T=$(mktemp -d) && git clone --depth=1 https://github.com/Aperivue/medsci-skills "$T" && mkdir -p ~/.claude/skills && cp -r "$T/skills/batch-cohort" ~/.claude/skills/aperivue-medsci-skills-batch-cohort && rm -rf "$T"

manifest: skills/batch-cohort/SKILL.md

source content

Batch Cohort Analysis Skill

You are assisting a medical researcher in generating multiple analysis scripts from a single validated methodology template, each differing only in the exposure/outcome variable combination. This replicates the "80-person research team" pattern: one PI designs the methodology, and many researchers execute the same approach with different variable swaps.

When to Use

Researcher has a validated analysis template (e.g., from /replicate-study or /cross-national)
Wants to explore multiple exposure → outcome combinations on the same database
Goal: systematic variable-swap code generation + batch execution + result matrix

Inputs

Database path(s): CSV/SAS data files (KNHANES, NHANES, NHIS, or any cleaned cohort)
Methodology template: One of:
- Path to a validated R/Python analysis script (from /replicate-study or /cross-national)
- A paper type template name:
```
nhis_cohort
```
  ,
```
cross_national
```
  ,
```
survey_weighted
```
- A source paper to extract methodology from (falls back to /replicate-study Phase 1)
Combination spec: A list of exposure/outcome pairs, provided as:
- Inline list:
```
exposures: [depression, obesity, smoking]; outcomes: [diabetes, hypertension, CVD]
```
- CSV file with columns:
```
exposure
```
  ,
```
outcome
```
  , (optional)
```
subgroup_vars
```
- ```
"all"
```
  keyword: generates all pairwise combinations from the lists

Optional Inputs

Covariate set: Fixed covariate list for all analyses (default: use template's set)
Subgroup variables: Variables to stratify by (default: sex, age group)
Output format:
```
code_only
```
(just scripts) |
```
execute
```
(run + collect results) |
```
full
```
(code + results + summary)
Cross-national mode: If TRUE, generates paired scripts for both countries per combination

Workflow

Phase 1: Template Validation

Read the methodology template (R script or paper type reference).
Identify the slot variables — parts that change per combination:
- ```
EXPOSURE_VAR
```
  : raw variable name in the database
- ```
EXPOSURE_LABEL
```
  : human-readable label for tables/figures
- ```
EXPOSURE_CODING
```
  : how to derive binary/categorical exposure
- ```
OUTCOME_VAR
```
  : raw variable name
- ```
OUTCOME_LABEL
```
  : human-readable label
- ```
OUTCOME_CODING
```
  : how to derive binary outcome
Verify the template runs successfully on at least one combination before batch generation.
Output: template summary with identified slots → user approval.

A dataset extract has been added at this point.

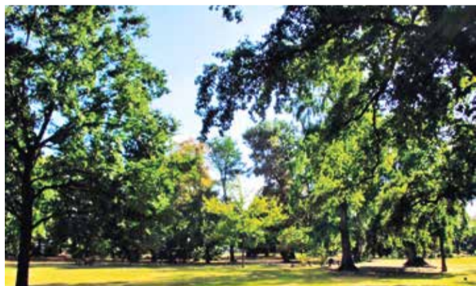
Brentanopark – Parkansicht.

Die Sternbrücke Rödelheim, eine steinerne Straßenbrücke aus dem 19. Jahrhundert, verbindet die Stadtteile Rödelheim und Bockenheim über den ehemaligen Ochsengraben. Mit ihrer barocken Architektur und ihren sieben Brückenbögen ist sie nicht nur ein historisches Bauwerk, sondern auch ein wichtiger Verkehrsknotenpunkt im Stadtteil. BU: Nur ein historisches Bauwerk -die Sternbrücke Rödelheim, Nordseite

Phase 2: Variable Specification

For each exposure and outcome in the combination spec:

Look up the variable in the database:
- KNHANES: check variable name exists in the CSV header
- NHANES: check which table contains the variable (use codebook.csv if available)
- NHIS: check claims code or variable name
Define coding:
- Binary: threshold or category mapping (e.g.,
```
HE_glu >= 126 → diabetes = 1
```
  )
- Categorical: level definitions (e.g.,
```
smoking: current/former/never
```
  )
Check covariate overlap: If the exposure IS one of the standard covariates, remove it from the adjustment set for that analysis (no self-adjustment).
Output: combination matrix with all variable specifications.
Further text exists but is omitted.